The truth of the matter is that those who, through accident or choice, have had occasion to use propaganda for one or another purpose, and who have thus become skilled in its use, see a very clear menace to the safety of our country and its institutions through our lack of defense on matters of opinion. When the government does speak it has, of recent years at least, spoken to good effect. But there is a great mass of propaganda being spread throughout the country by private, or supposedly private, agencies against which we have prepared no defense whatever, leaving it to private interests to supply the remedy. Mr. Garet Garrett in a recent article in the Saturday Evening Post, quoted at some length in the Proceedings for February, brings out this point admirably and lists numerous agencies of the sort described. If space had permitted, he could, no doubt, have listed a great many more. But neither he, nor the Post in its editorial, nor any substantial conservative group of which the writer is aware, suggests any adequate method by which this propaganda may be combatted. The idea seems to be that if we will all be calm and use reason and withhold judgment until we have heard all the facts, assuming we can get all the facts, we shall not be susceptible to propaganda. Quite so. And it is also true that if all men were kind, generous, intelligent and calm we should have no war. The two positions are analogous.
The pacifists have a poster which, from time to time, breaks out like a rash in various communities. It reads “Law not War." This particular bit of exasperating propaganda has, of course, a superficial plausibility. If all the nations of the world could agree upon a code of laws and would live up to them, war might no longer be necessary. But the effect that the poster is intended to convey, and does convey to many minds, is that the United States of America should set an example of peaceful intent by refusing to arm for defense. And the immediate effect upon the individual voter is to induce him to bring pressure to bear against adequate appropriations for the Army and the Navy.
The argument presented by many well-meaning persons against the use of propaganda is, in essence, exactly the same as the “Law not War” slogan. In the editorial from the Saturday Evening Post previously referred to, under the caption “Propaganda and the Antidote” occurs this statement, “The most important lesson that Americans can learn today is to recognize propaganda for just what it is whenever they hear it or wherever they read it, and then to get the other facts; to decide important questions that affect the welfare of the nation with their minds and not with their emotions. It is not enough to feel deeply; one must think deeply.” This sentiment, reduced to a slogan, reads “Reason not Propaganda.” And this attitude of the Post is by no means unique. It is shared by a large portion of the most responsible men of the nation, backed up by almost the entire press. The people who are most scornful of those simple souls who are misled by the “Law not War” slogan are the very ones who cherish most carefully the “Reason not Propaganda” slogan.

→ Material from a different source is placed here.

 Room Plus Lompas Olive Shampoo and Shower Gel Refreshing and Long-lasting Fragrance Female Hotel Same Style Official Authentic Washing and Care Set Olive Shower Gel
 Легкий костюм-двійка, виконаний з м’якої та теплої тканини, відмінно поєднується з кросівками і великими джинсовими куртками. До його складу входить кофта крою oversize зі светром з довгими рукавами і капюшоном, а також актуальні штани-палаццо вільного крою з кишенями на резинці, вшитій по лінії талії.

It is impossible, in the brief space allotted, to give the practical steps required for an adequate defense of this country against foreign propaganda, just as it would be impossible to give, in the same space, the practical steps necessary for the country’s physical defense. This knowledge exists but our best minds are at present too proud to use it. Of course, it would be possible to suggest an outline for the solving of this problem but before any practical steps can be taken it will be necessary to revise the attitude of our best opinion towards the whole matter of propaganda defense.

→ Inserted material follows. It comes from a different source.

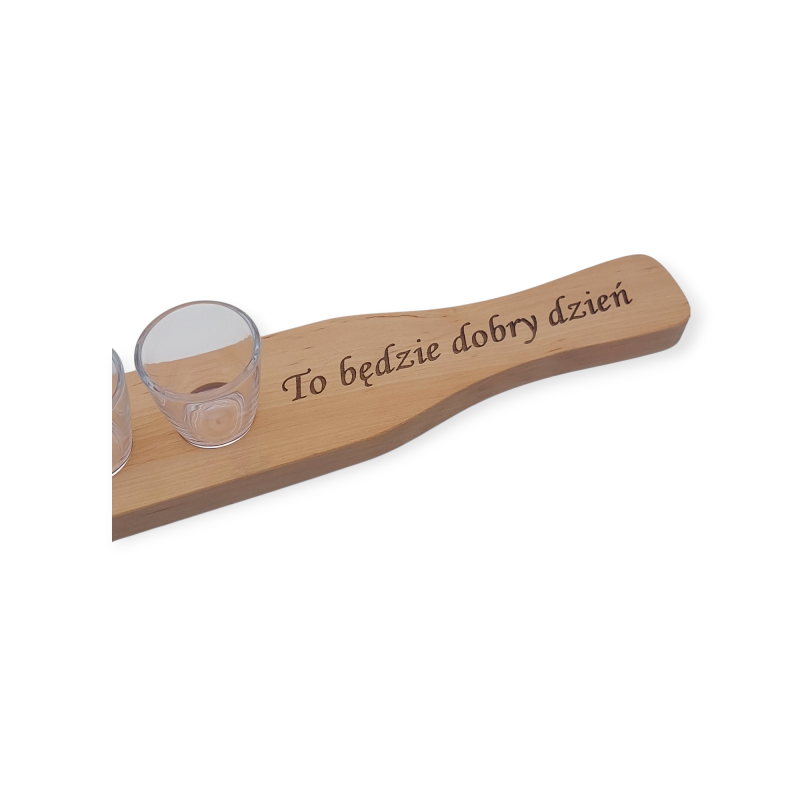 Proponujemy Państwu spersonalizowaną deskę do serwowania shotów. Świetnie nadaje się jako element wyposażenia barów, restauracji. Idealnie nadaje się do promocji marki, do degustacji trunków. Stanie się ciekawym prezentem na urodziny, czy inną okazję. W cenę wliczony jest projekt i grawer laserowy.
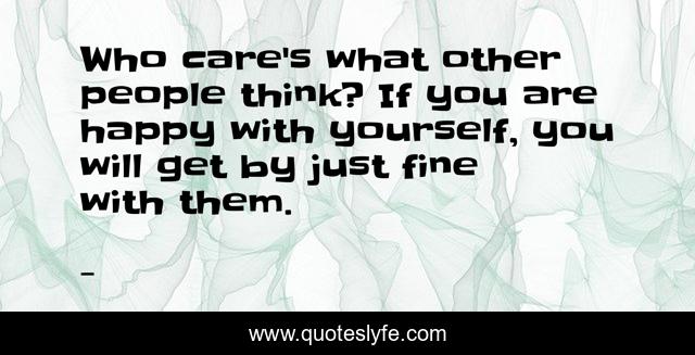 This page presents the quote "Who care's what other people think? If you are happy with yourself, you will get by just fine with them.". Author of this quote is . .

It is useless to meet heavy artillery with pop guns. It is equally useless to try to meet skillful, highly emotionalized propaganda with an appeal to reason. It simply can’t be done. We can’t give all the people all the facts. Moreover, while we are probably, as a people, the most highly educated and the most reasonable in the world, to educate every man, woman and child to the point where he will think deeply, make an honest search for the facts and decide upon the basis of pure reason the numerous questions that come before him for judgment is a gigantic task that will take years, perhaps centuries, to accomplish. We should certainly work toward that millennium. But in the meantime we must take the human mind as it is. We must use skill to fight skill, and emotionalism to fight emotionalism. Any other course is as foolish as to scrap our national military defenses and to wait helplessly for the day when all men will be brothers.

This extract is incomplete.